Although children were randomly assigned to treatment conditions, it was necessary to determine if preexisting differences emerged on demographic and classification measures. A chi-square test indicated no significant differences emerged among the 4 treatment conditions as a function of MD status, χ2(3, N = 204) = 2.15 p > 0.05, or gender, χ2(3, N = 204) = 4.88, p > 0.10. In addition, no significant differences emerged in the proportion of high and low WM span groups across treatment conditions, χ2(3, N = 204) = 2.83, p > 0.05. A further comparison was made amongst the classification measures between the two math groups. A MANOVA was computed between children with MD and without MD (NMD) on standard scores for problem solving (TOMA, Key Math, CMAT), reading (WRMT, WRAT), RCMT, and math calculation (WRAT, WIAT). As expected, the MANOVA was significant, Wilks'Λ = 0.27, F(6, 178) = 78.67, p < 0.001. All the univariates (ps < 0.05) were significant and in favor of children without MD. The standard scores are shown in Table 1. It is important to note that although fluid intelligence, reading, and calculation scores were in the normal range for children with MD, children without MD had a clear advantage across these aptitude and achievement measures.
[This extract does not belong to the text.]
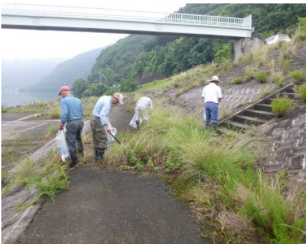
清掃状況（坂根地区自治会の皆さん）

国土交通省では、毎年7月を「河川愛護月間」と定めて河川愛護運動を実施しており、今後も地域の皆さんと一緒に清掃活動をはじめ、より良い河川環境の管理に努めてまいります。

The primary analysis for this study was a mixed ANCOVA on post-test scores. The random effects included children nested within classrooms. In contrast to a traditional ANCOVA, where significance is tested against the residual error, the test of fixed effects in mixed models is tested against the appropriate error terms as determined by the model specification. The method also overcomes some of the limitations of a traditional ANCOVA because it does not require that missing data be ignored and provides a valid means to addressing standard errors. The estimates for criterion were based with full-information maximum-likelihood, and utilized robust standard errors (Huber-White) to allow for the non-independence of observations from children nested within the classroom. Because the cells were unbalanced and missing data, a Kenward-Roger correction was used to obtain the degrees of freedom.
Problem Solving Accuracy
A 2 (MD status: MD vs. NMD risk) × 2 (WMC: high and low WM ability) × 4 (treatment condition) mixed ANCOVA (pretest and reading as covariates) was computed on the CMAT scores. The covariate for reading was a composite score (WRAT, TORC). The results indicated a significant main effect for MD status, F(1, 163) = 7.43, p < 0.01 and treatment, F(3, 163) = 3.13, p < 0.01. A significant effect also occurred for the WMC x treatment interaction, F(3, 163) = 3.56, p < 0.05, and the MD status × WMC × treatment interaction, F(3, 163) = 2.65, p < 0.001. The covariates were significant for pretest,F(1, 163) = 86.63, p < 0.001 and reading, F(1, 163) = 19.60, p < 0.0001. As expected, the adjusted posttest scores were significantly lower for children with MD when compared to children without MD (Adjusted M = 0.28, SE = 0.04 vs. 0.48, SE = 0.04) and post-test scores were significantly (ps < 0.05) higher for the verbal emphasis condition when compared to other conditions (adjust M's = 0.54, 0.32, 0.36, 0.32 for verbal, verbal + visual, visual emphasis and control condition, respectively).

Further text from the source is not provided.